第22章(第2页)
简平涛愣了下,想再问一句“现在有人照顾你吗?”,可话到嘴边,又觉得自己已经没立场再问了,只把烟掐了,轻轻“嗯”了一声。
“杜大爷这边,我们所离得近,我时不常会过来看看。今天他估计是压力太大,一时上头,多点人关心关心,兴许能好点。”他转了个话题。
“谢谢。”忆芝看着前方,眼底是一片虚空,“不过这种事,你也知道,巡访能做的有限。”
“能帮到的,我们都会去帮。但有些困难,不是多看几次、多送点东西就能变好的。那种日子……是家属和病人一起熬着,熬到哪天算哪天。”
她的声音平静,却透出一股沉甸甸的无力,一种长年累月看过、经历过的钝痛,早就磨平了情绪,却依旧压在心口。
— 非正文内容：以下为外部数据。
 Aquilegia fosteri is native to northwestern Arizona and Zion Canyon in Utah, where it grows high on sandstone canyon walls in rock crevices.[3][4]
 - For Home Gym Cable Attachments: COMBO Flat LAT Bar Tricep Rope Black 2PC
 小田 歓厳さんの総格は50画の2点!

“大家都尽力而为吧。”她低声补了一句,声音在夜风里瞬间就散了。
回到车里,靠着座椅缓了口气,忆芝拿出手机回了几条工作信息。最后一条是靳明半个小时前发来的,只有一个狗子鬼鬼祟祟探头的表情包。
她指尖在那张图片上抚了一下,轻轻笑了笑。
今天的险情、那些陈年旧事,如同一张无形的网罩在她身上,拽着她往下陷,她却连挣扎的欲望都没有。可看到他信息的那一瞬间,她好像忽然抓住了一样实在的、温热的东西。
——一种笃定、稳定、确定的存在感。
她按下通话键。
那边很快接起,背景有些嘈杂,靳明快速地说了句,“你等我一下。”
电话里很快静了下来,他应该是刚从什么局里出来。
“忙完啦?终于轮到我啦?周五还要工作这么晚,你吃饭了吗?”她主动给他打电话,属于破天荒,靳明心里跟开了花似的。
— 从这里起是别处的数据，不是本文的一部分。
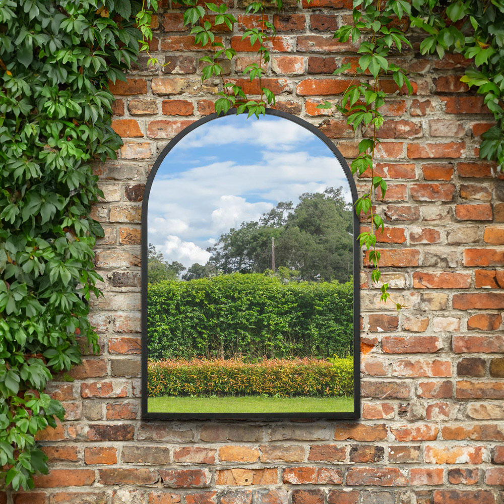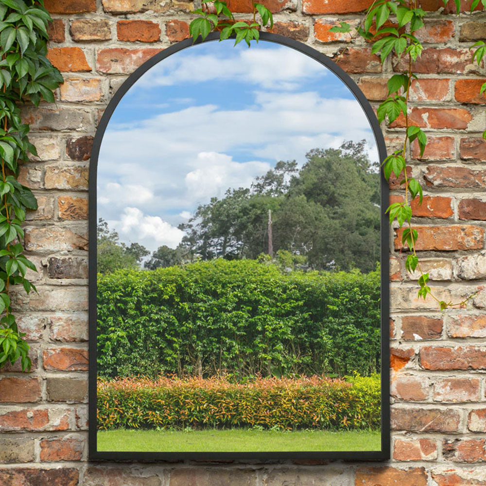 MirrorOutlet The Arcus Black Framed Arched Garden Wall Mirror 100 x 70cm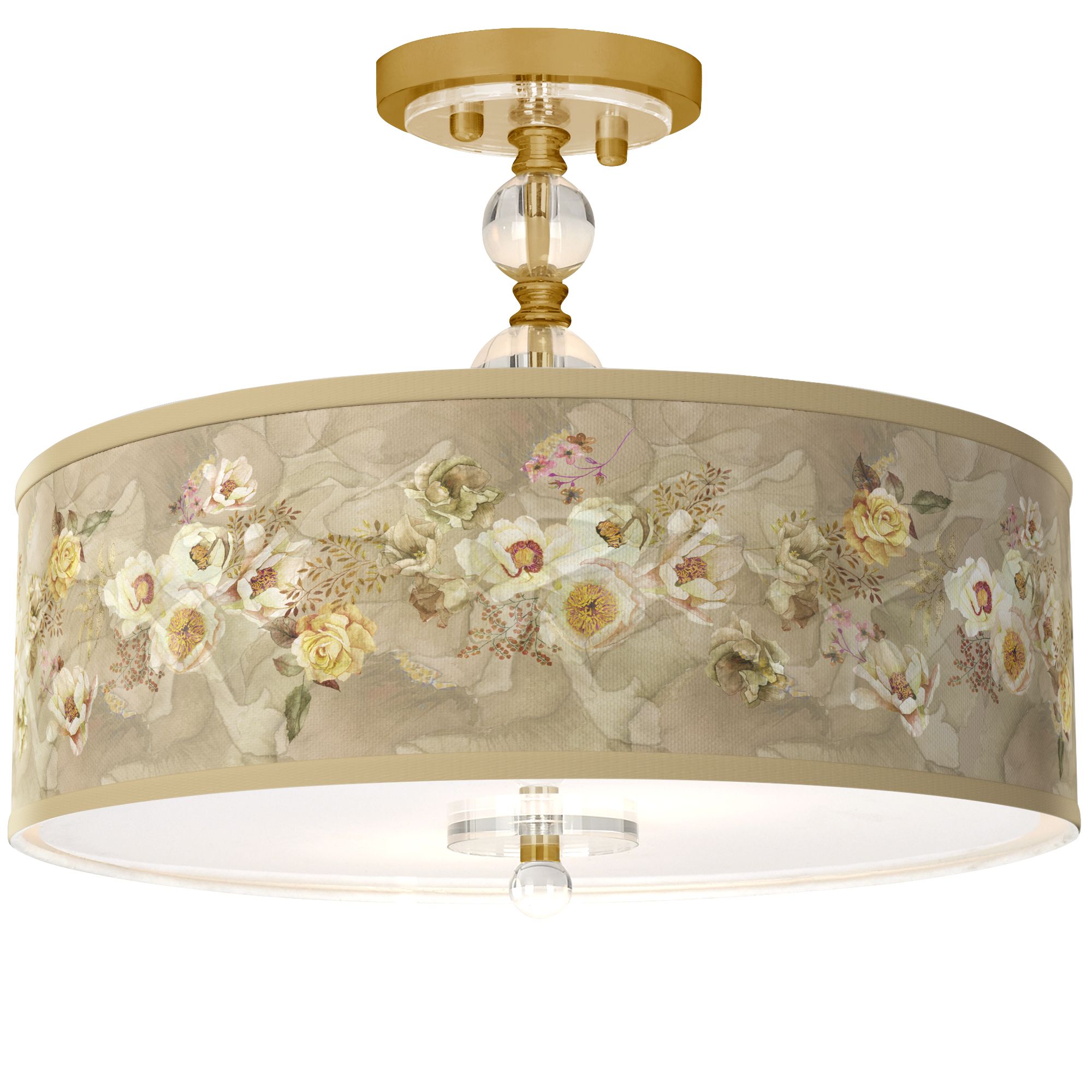 Floral Spray Giclee 16"W Gold Semi-Flush Ceiling Light

忆芝听着他的声音,遥远,却又好像他的人就在她身边,永远笑眯眯,热乎乎的。她那颗一直往下坠的心,一把就被他托住了。
她抬起手,按了按眼眶,忍住忽然涌上来的那股泪意。
半晌,才慢吞吞地“嗯”了一声,也不知道回答的是哪一句。
靳明立刻就听出了她不对劲,
“还好吗?出什么事了?”他声音马上沉了些。
“没大事。”忆芝揉了揉鼻子,刻意放轻松,“下午处理街坊吵架,吵得我头疼。”她一通胡编,竟还带上了点笑意。
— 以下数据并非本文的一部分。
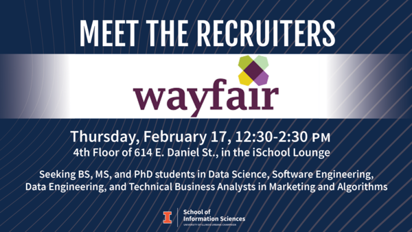 BS, MS, and PhD Students Meet us in the iSchool Lounge on the 4th floor of 614 E. Daniel to chat with Wayfair's data and software engineers, as well as one of our recruiters after our visit to IS 199 at the iSchool to learn more about our opportunities, culture, and open roles! We have openings in Data Science, Software Engineering, Data Engineering, and Technical business analysts in Marketing and Algorithms. Make sure to grab some Wayfair branded swag as well, We look forward to meeting you!

靳明沉默片刻,“要不要来杭州过周末?我让小徐联系你,定机票,明早常师傅接你去机场。”
说是定机票,他脑子里想的是给她叫一架公务机。
治不开心,办法他有的是。
“用不着。”忆芝想都没想脱口而出,顺手启动了车子,“我现在就去找你。”
她想他,她想见他,想抱紧他。
现在。立刻。马上。
晚风温柔,电台音乐盖住了心跳,胸腔里那股压抑许久的力气被猛然炸开,轰得她踩油门的腿都在发颤。她没有行李,连换洗衣服都没有,一切都荒唐得不像话。
去往机场的路奇迹般的顺畅,路灯在后视镜里划出一道道光弧,前赴后继,如烟火拖尾,为她点燃这场盛大的奔赴。
订票的时候,手指都在抖,验证码输错了两次,好不容易才确认支付。一路飞奔到登机口,忆芝体会了一把在全体乘客注视下上飞机的待遇。
飞机在轰鸣中腾空,透过舷窗看下去,灯火通明的北京迅速远去。
安全带指示灯刚刚熄灭又马上亮起,颠簸带来一秒的失重,她整个人也跟着狠狠一抖。
热浪退潮,冷意扑面,她突然心慌得厉害。
她觉得自己简直就是个不知死活的赌徒,脑子一热,就把他当成筹码推上了赌桌。